Decline of brain ZnT3 levels in murine and human aging. a, Cerebral ZnT3 levels over age assayed by Western blot in normal mice (B6C3 strain; n = 8 per group; 50% male; average ages: young, 1.9 months; old, 8.7 months), demonstrating a significant decline in ZnT3 with age (ANOVA, p = 0.0026). b, ZnT3 levels in BA8/9 of normal humans (n = 16 males, 8 females; age range, 48–91 years; average age ± SD, 73 ± 11 years). The linear regression line is shown (r ² = 0.47; p = 0.00019), demonstrating a significant age-related decline in ZnT3. c, ZnT3 levels in BA8/9 are further decreased (−36%; ANOVA, p < 0.0001) in AD (n = 4 males, 5 females; 81 ± 9 years) compared with the healthy controls (n = 8 males, 6 females; 73 ± 13 years). d, ZnT3-associated decline in synaptic zinc in age and Alzheimer's disease.
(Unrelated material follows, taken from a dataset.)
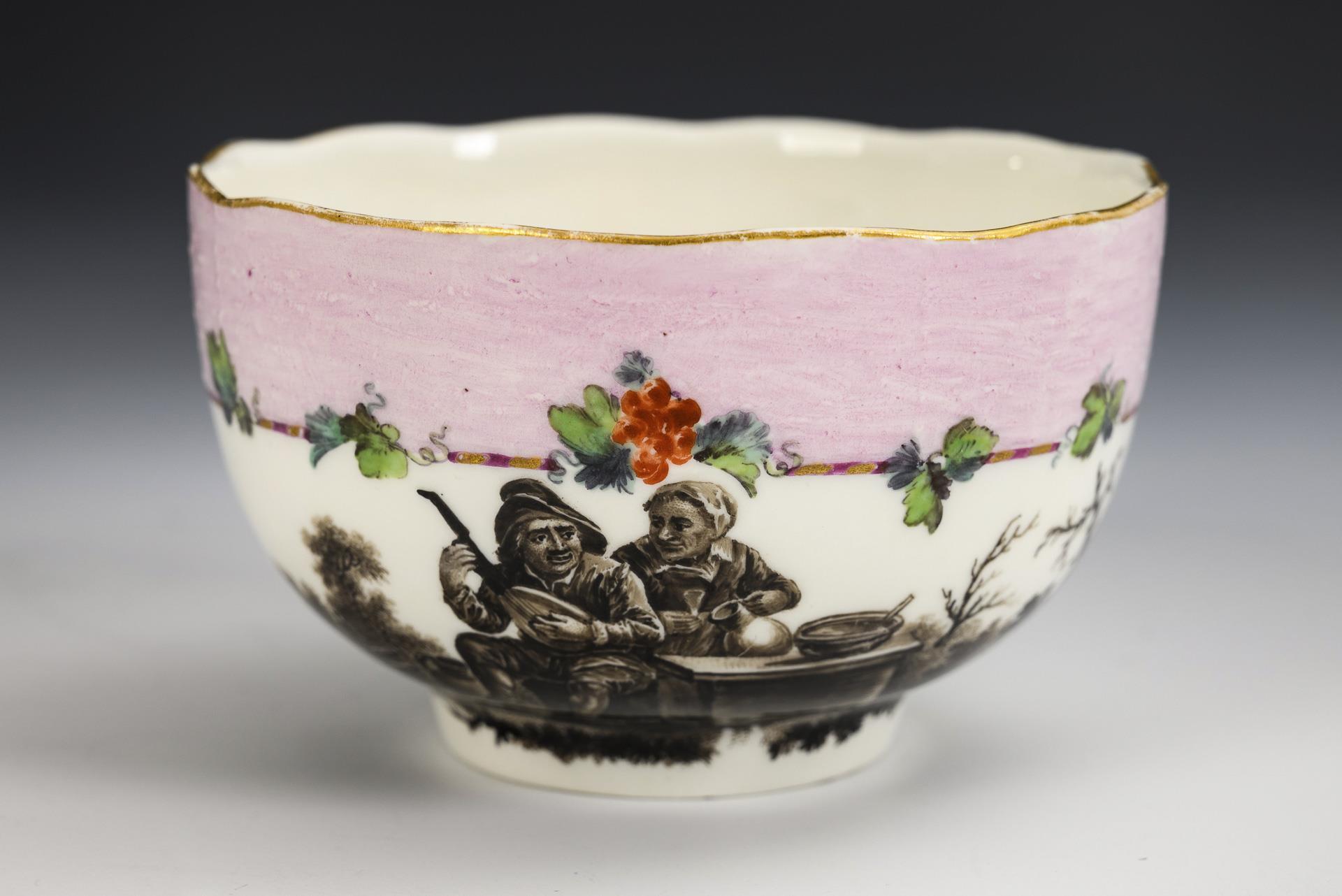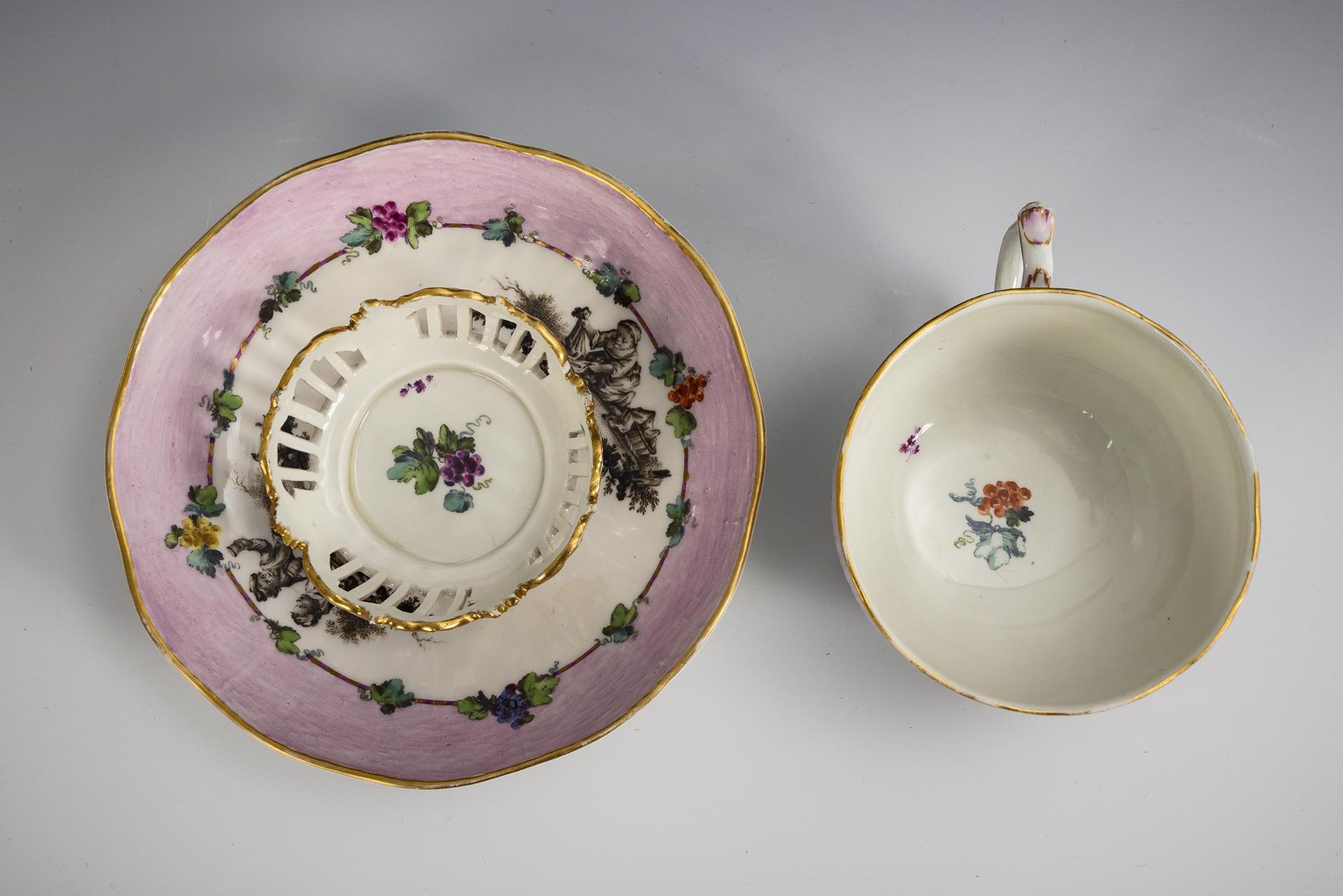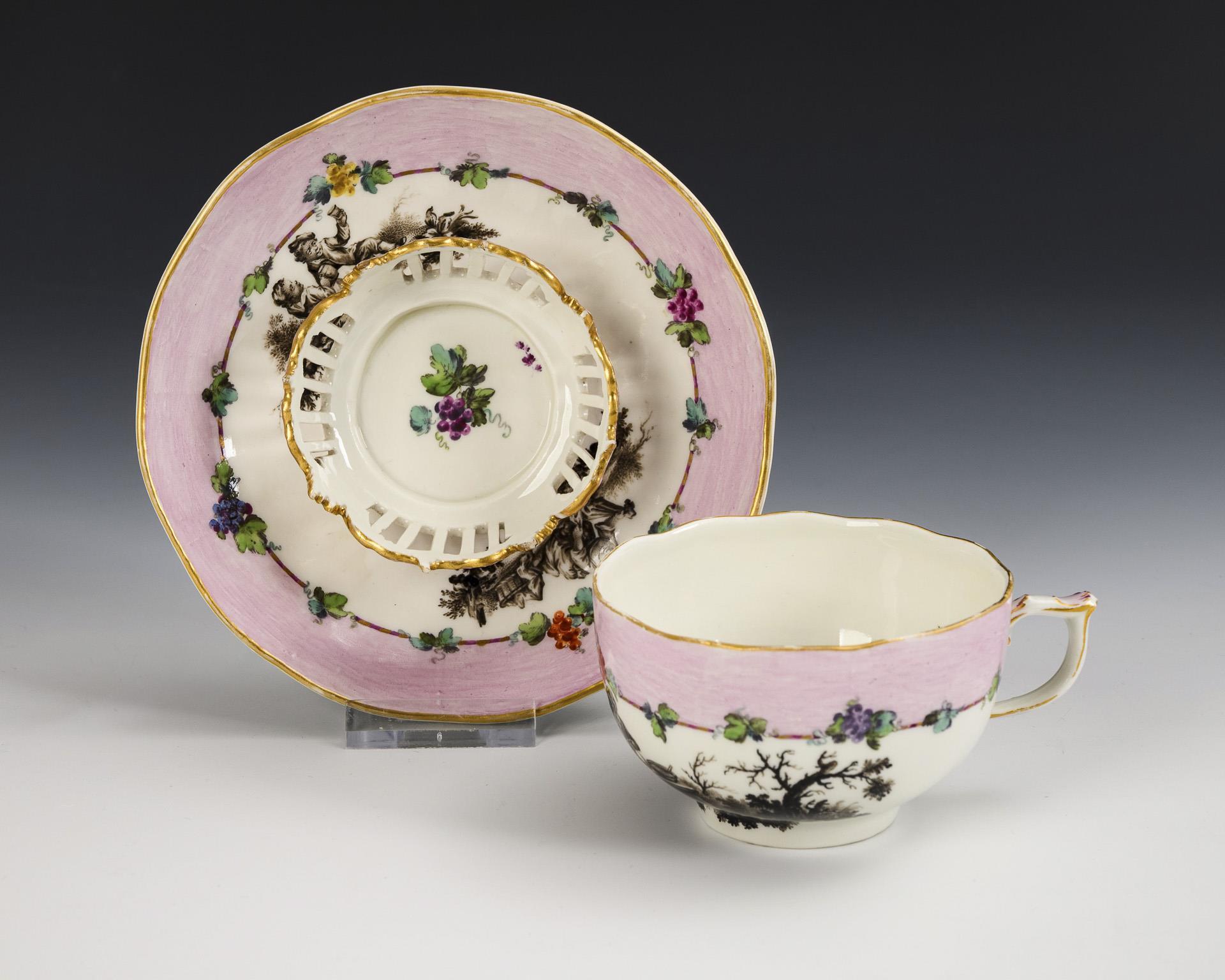 Bauchige Tasse mit dem Reliefdekor "Altozier" sowie Untertasse für eine Trembleuse mit durchbrochenem Standring. Beide mit rosafarbener Bordüre und Weinrebe sowie schwarzlotgemaltem Bauernmotiv.

This diagrammatic model shows a zinc-containing glutamatergic synapse in health, aging, and disease. In health, ZnT3 loads Zn²⁺ into vesicles, whereupon it is transported and released at the synapse. After release, Zn²⁺ can interact with postsynaptic targets such as NMDA receptors (NR2B subunit shown here). With aging, or after the genetic ablation of ZnT3, the loss of ZnT3 inhibits Zn²⁺ delivery and leads to a decline in NR2B and other postsynaptic targets involved in learning and memory (see text). In AD, there is a profound impairment of synaptic Zn²⁺ reaching its postsynaptic targets because there is both an accentuated drop in ZnT3 levels as well as entrapment of extracellular Zn²⁺ by Aβ oligomers. Loss of transsynaptic Zn²⁺ signaling leads to decreased expression of select postsynaptic targets such as NR2B and cognitive decline. The asterisks (*) represent means that are different from age-matched WT means. **p < 0.01; ***p < 0.001.